For their study, the researchers developed a model to determine location-specific environmental impacts. “One of the things we did was to compare the carbon footprint of nutrients from microalgae and fish. We also analysed how much both food sources increase the acidification and eutrophication in water bodies,” explains Dr Toni Meier, head of the Innovation Office nutriCARD at MLU. The researchers were able to show that microalgae farming has a similar impact on the environment as fish production. “However, if we compare the environmental effects in relation to the amount of omega-3 fatty acids produced, fish from aquaculture comes off far worse,” says Schade. One advantage of algae cultivation is its low land consumption; even infertile soils can be used. In contrast, both open ponds and the cultivation of feed for aquaculture require very large areas of land. In particular, fish species that are popular in Germany, such as salmon and pangasius, are primarily produced through aquaculture and therefore put the environment under a considerable amount of pressure. However, even fishing wild Alaska pollack had poorer values than microalgae for all environmental indicators.

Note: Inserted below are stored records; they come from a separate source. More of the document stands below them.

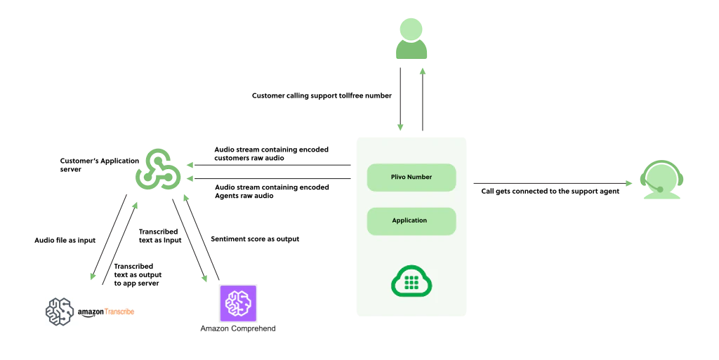 High-quality customer interactions are crucial for maintaining the service standard that gives your business a competitive advantage. Today, Plivo is making it easier than ever to maintain that standard with an application that analyzes call quality using Plivo’s audio stream, paired with various AI-driven transcription and sentiment analysis services. To illustrate, Amazon Transcribe and Amazon Comprehend integrate easily with Plivo’s Voice API. Any AI service for transcription and sentiment analysis could work, but we’ll use these popular products to demonstrate how the API works. If you’re unfamiliar with these two Amazon products, here’s a quick primer:- Amazon Transcribe is an automatic speech recognition service that uses machine learning models to convert audio to text.
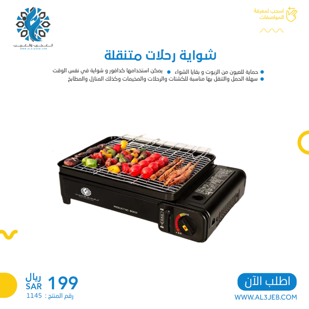 - يمكنك الحصول على "شواية رحلات متنقلة" الآن من متجر العجيب والغريب بالإضافة إلى الكثير من المنتجات الأخرى إذا قمت بزيارة موقعنا، قم بالطلب الآن عبر طرق الاتصال المتعددة المتواجدة في أسفل الصفحة نصلك بأقصى سرعة.
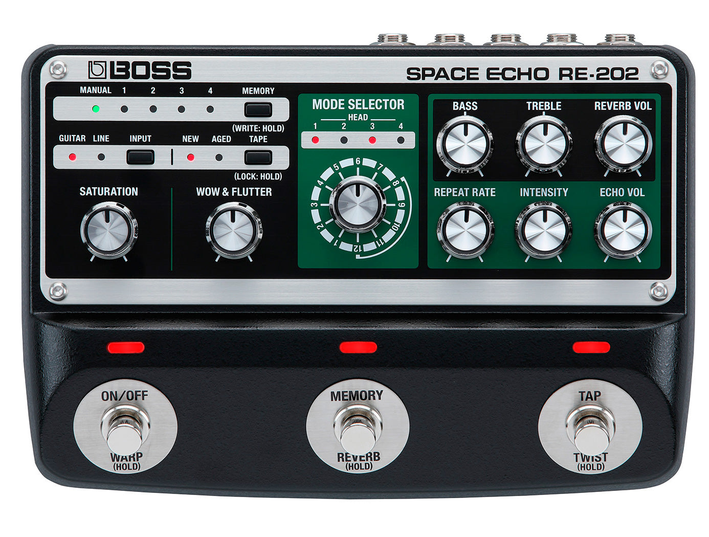 BOSS RE-202. Pedal de efecto de eco de cinta basado en el Roland RE-201 Space Echo de 1974 con nuevas características para adaptarse a los tiempos actuales.
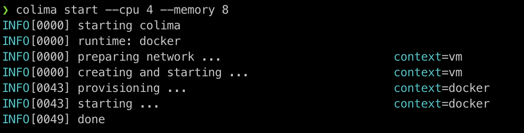$ colima start --cpu 4 --memory 8
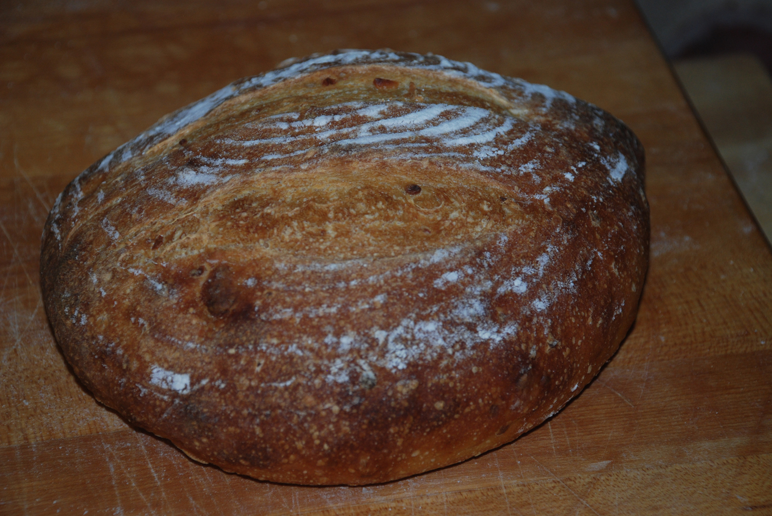 I created this recipe using the basic San Francisco Sour Dough recipe from Peter Reinhart’s “Artisan Bread Every Day”. If you don’t have this book I highly recommend it. The basic theory behind this book is that you can mix the dough in one day, let it sit in the fridge for 3-4 days while it develops its flavor during a nice long and cold fermentation and bake at your leisure. You have the option to use a small amount of yeast to lessen the preparation time, or no yeast relying on your starter.

“Microalgae should not and cannot completely replace fish as a food source. But if microalgae could be established as a common food, it would be another excellent environmentally friendly source of long-chain omega-3 fatty acids,” explains Meier. Several algae are already used as a food supplement in powder or tablet form and as an additive to foods such as pasta or cereals. It would be a way to reduce the current gap in the global supply of omega-3 fatty acids. At the same time, it would provide considerable relief to the world’s oceans.
The study was funded by the Federal Ministry of Education and Research (BMBF) as part of the joint project “Novel microalgae species as a sustainable source of bioactive nutrients in human nutrition” (NovAL). In addition to MLU, the Anhalt University of Applied Sciences, the University of Leipzig and the Friedrich Schiller University Jena are involved in the research alliance.